But Labienus’s ill fortune under Pompey was as marked as his success had been under Caesar. From the defeat at the Battle of Pharsalus, he fled to Corcyra, and after hearing of the death of Pompey then proceeded to Africa. He created confidence in the followers of Pompey by lying to them, claiming that Caesar had received a mortal wound at the Battle of Pharsalus. He was able through mere force of numbers to inflict a slight check upon Caesar at the Battle of Ruspina in 46 BCE. By condensing his force into dense formations, he tricked Caesar into thinking he had only foot soldiers, was able to rout Caesar’s cavalry and surround Caesar’s army. However, Labienus was unable to defeat Caesar’s forces, and was compelled to leave the field. After the defeat at the Battle of Thapsus he joined Gnaeus Pompeius (son of Pompey the Great) in Hispania.

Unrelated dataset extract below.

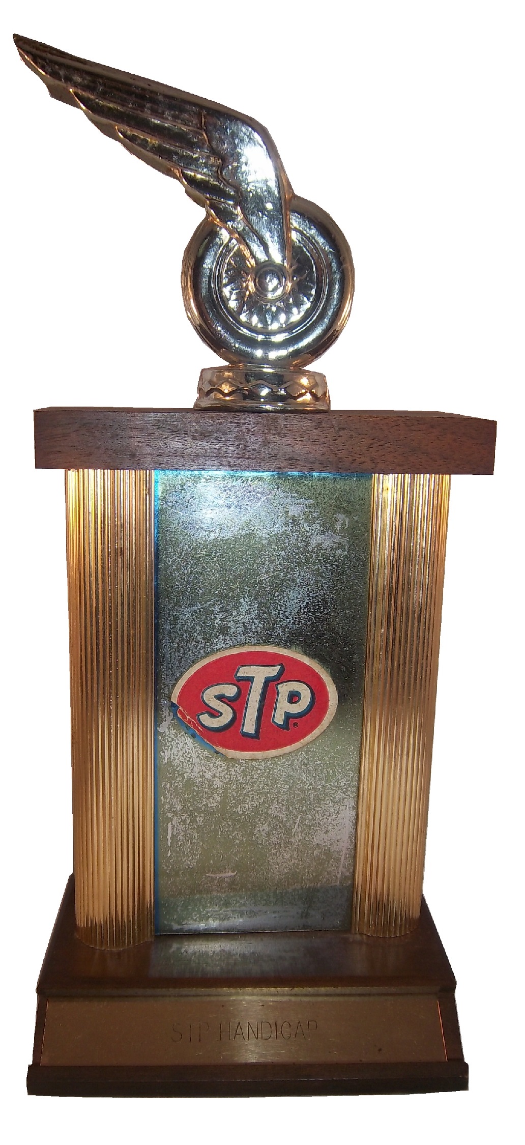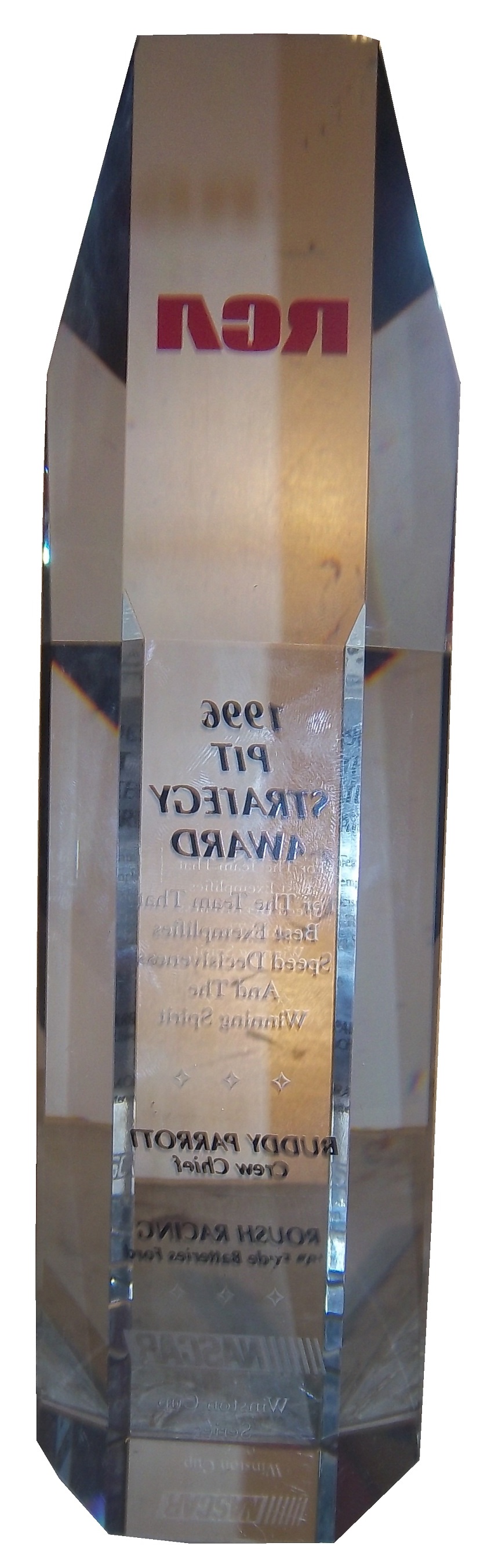 Then again, there is something to be said for the traditional trophy. One driver who had a lot of them is Ernie Derr. Derr raced in IMCA or the International Motor Contest Association, which was founded in 1915, and is the oldest active auto racing sanctioning body in the United States. Derr has more victories and championships in IMCA than anyone else, having won a total of 328 wins and a staggering 12 IMCA championships. STP sponsored him for a number of years, and awarded him this STP Handicap trophy. Derr-1It is 11 inches tall, with a winged wheel design, and a vintage STP logo decal, which is peeling off. Though the mirrored background around the STP decal is discolored, it is still in decent condition, though I have not been able to figure out what the STP Handicap is.Derr-2 Derr-3 Derr-4Races are won and lost on pit road, and having a great crew chief is key to winning. Pit crews are given trophies for helping their team win. Buddy Parrot was a NASCAR crew chief for 34 years, and helped Richard Petty, Darrell Waltrip, and Rusty Wallace. In 1996, he joined Roush Racing, as crew chief for Jeff Burton. Burton did not win a race in 1996, but Parrott was awarded this 1996 RCA Pit Strategy award.parrott1 It is a Plexiglass hexagon, over a foot tall, and 3 inches wide, some of the lettering is engraved into the Plexiglass, other lettering is added with decals, which are slightly peeling off.parrott2 parrott3 parrott4 parrott5 parrott6

Death came to Labienus in the Battle of Munda, an evenly matched conflict between the armies of Caesar and the sons of Pompey. King Bogud, an ally of Caesar, and his army also approached the Pompeians from the rear. Labienus was commanding the Pompeians’ cavalry unit at the time and saw this and took the cavalry from the front lines to meet him. The Pompeian legions misinterpreted this as a retreat, became disheartened and began to break. Pompey suffered massive casualties during the rout. This defeat ended the Roman Civil War. Labienus was killed during the rout. He was buried but according to Appian (BC2.105), his head was brought to Caesar.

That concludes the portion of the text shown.